Dos Salarios Mínimos y dos AUH no alcanzan para cubrir la CBT

En junio, una familia compuesta por cuatro integrantes necesitó $28413 para comprar la canasta de alimentos y $66478 para adquirir la canasta básica total. Por otro lado, el Salario Mínimo Vital y Móvil se ubicó en $25272 con la actualización de este mes, mientras que la Asignación Universal por Hijo fue de $4503 gracias al último incremento. Por lo tanto, el ingreso de una familia compuesto por dos salarios mínimos y dos AUH se ubicó en $59552.

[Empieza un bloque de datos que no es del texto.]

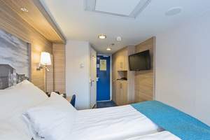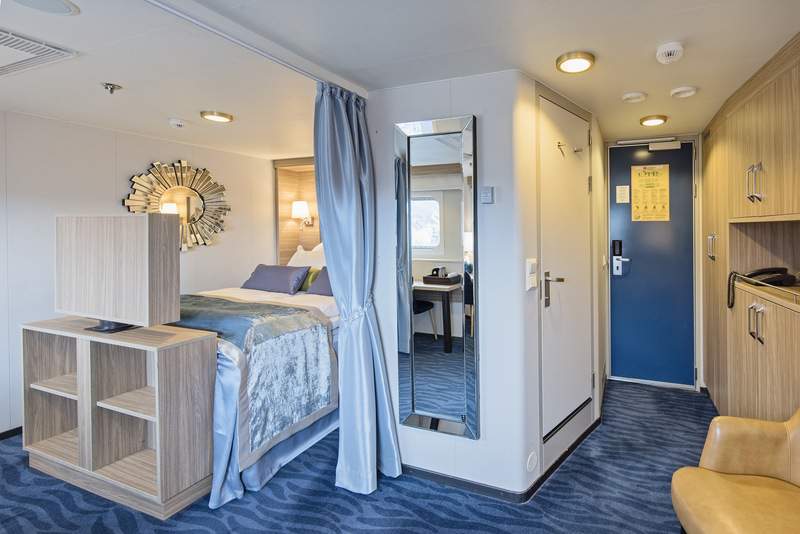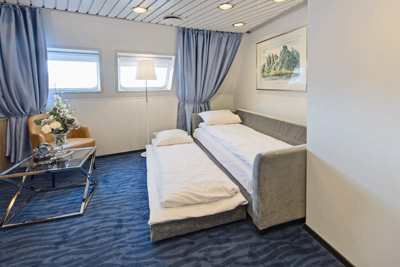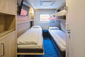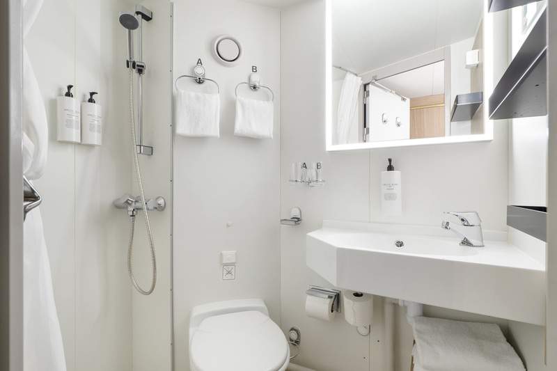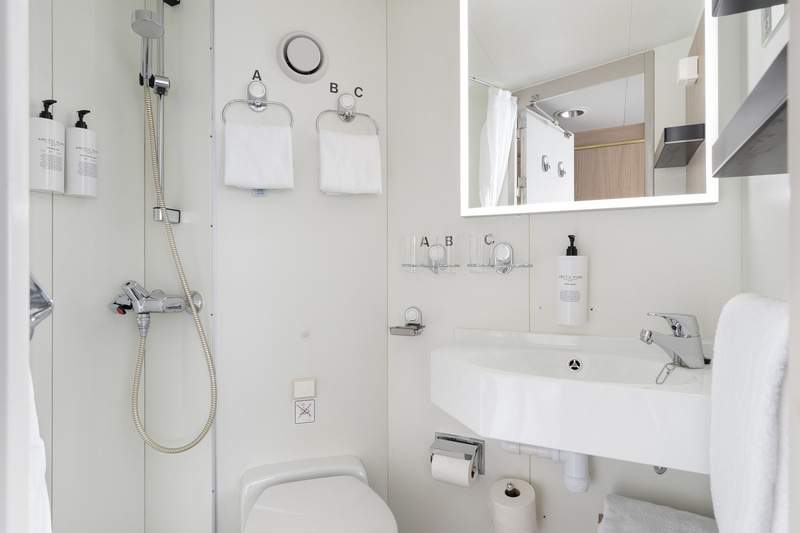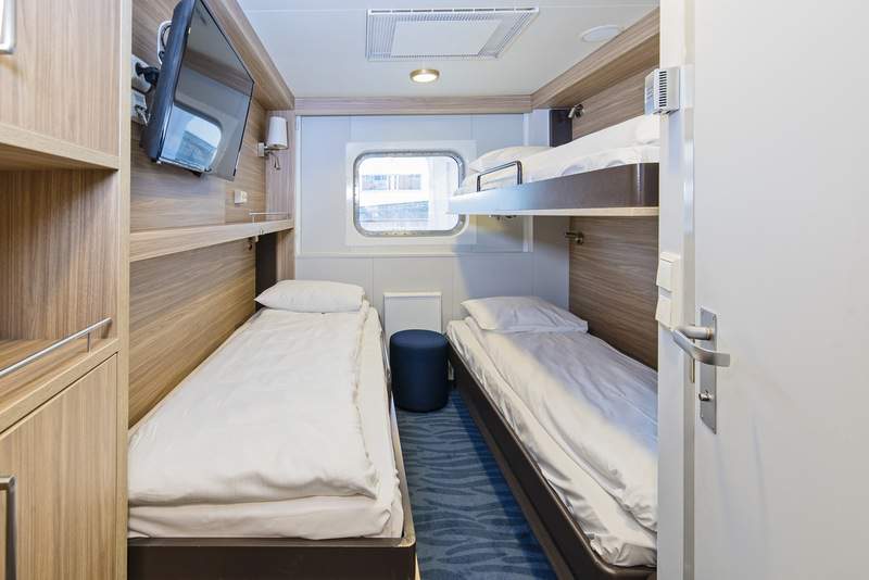 Our Polar outside cabins are situated mostly on middle or lower deck and all have bathrooms with shower/WC. Some have double beds, while others offer separate beds, one of which is a sofa bed, or upper and lower berths. All the cabins have individual specifications.

Así, el ingreso de una familia cubrió la totalidad de la CBA -algo que venía sucediendo en los meses anteriores- pero no alcanzó para cubrir la totalidad de la canasta de bienes y servicios (cubrió casi el 90% de la misma). En este sentido, hay que remarcar que estos ingresos no alcanzaron a cubrir la CBT desde que se irrumpió la pandemia, pero no fue la regla en los últimos años: a lo largo de 2016, 2017 y parte de 2018 y 2019 una familia con estos ingresos lograba ubicarse por encima de la línea de pobreza.

¿Qué esperamos?

Como vimos, producto de un primer semestre agitado en materia inflacionaria, las canastas se aceleraron y los ingresos reales continuaron deteriorándose luego de tres años consecutivos de contracción. Sin embargo, para el segundo semestre podría advenir un panorama levemente más favorable.

Por el lado de los precios, esperamos que la inflación se desacelere gracias al menor ritmo de depreciación del tipo de cambio oficial y las escasas subas de los precios regulados, y se ubique levemente por debajo del 3% promedio en el periodo julio-diciembre. De la mano de esta evolución, las canastas también se desacelerarían. De todas maneras, como algunos precios de consumo masivo se mantendrían por encima de la evolución de la inflación, dado que aún no recuperaron todo el terreno perdido -especialmente durante 2020-, no esperamos un cambio rotundo en la tendencia actual.

Por otro lado, desde el lado de los ingresos vendrán nuevos aumentos. En línea con la reapertura de paritarias (tras una pauta de 29% que quedó vieja), el Salario Mínimo Vital y Móvil podría verse redefinido: si bien resta confirmar, la suba acordada del 35% en cuotas podría terminar siendo una cifra algo mayor, o se adelantarían algunos de los aumentos ya pactados. A su vez, los jubilados que cobran la mínima y los beneficiarios de la AUH obtendrán bonos compensatorios, que de todas maneras no alcanzarán para terminar con el deterioro. En este sentido, estos factores tendrían un efecto inmediato sobre el poder adquisitivo en la previa electoral: habrá que ver si la menor evolución de las canastas y una suba nominal mayor a la esperada de los ingresos de los sectores de menores recursos alcanzarán para llegar a cubrir la línea de pobreza en el cierre del año.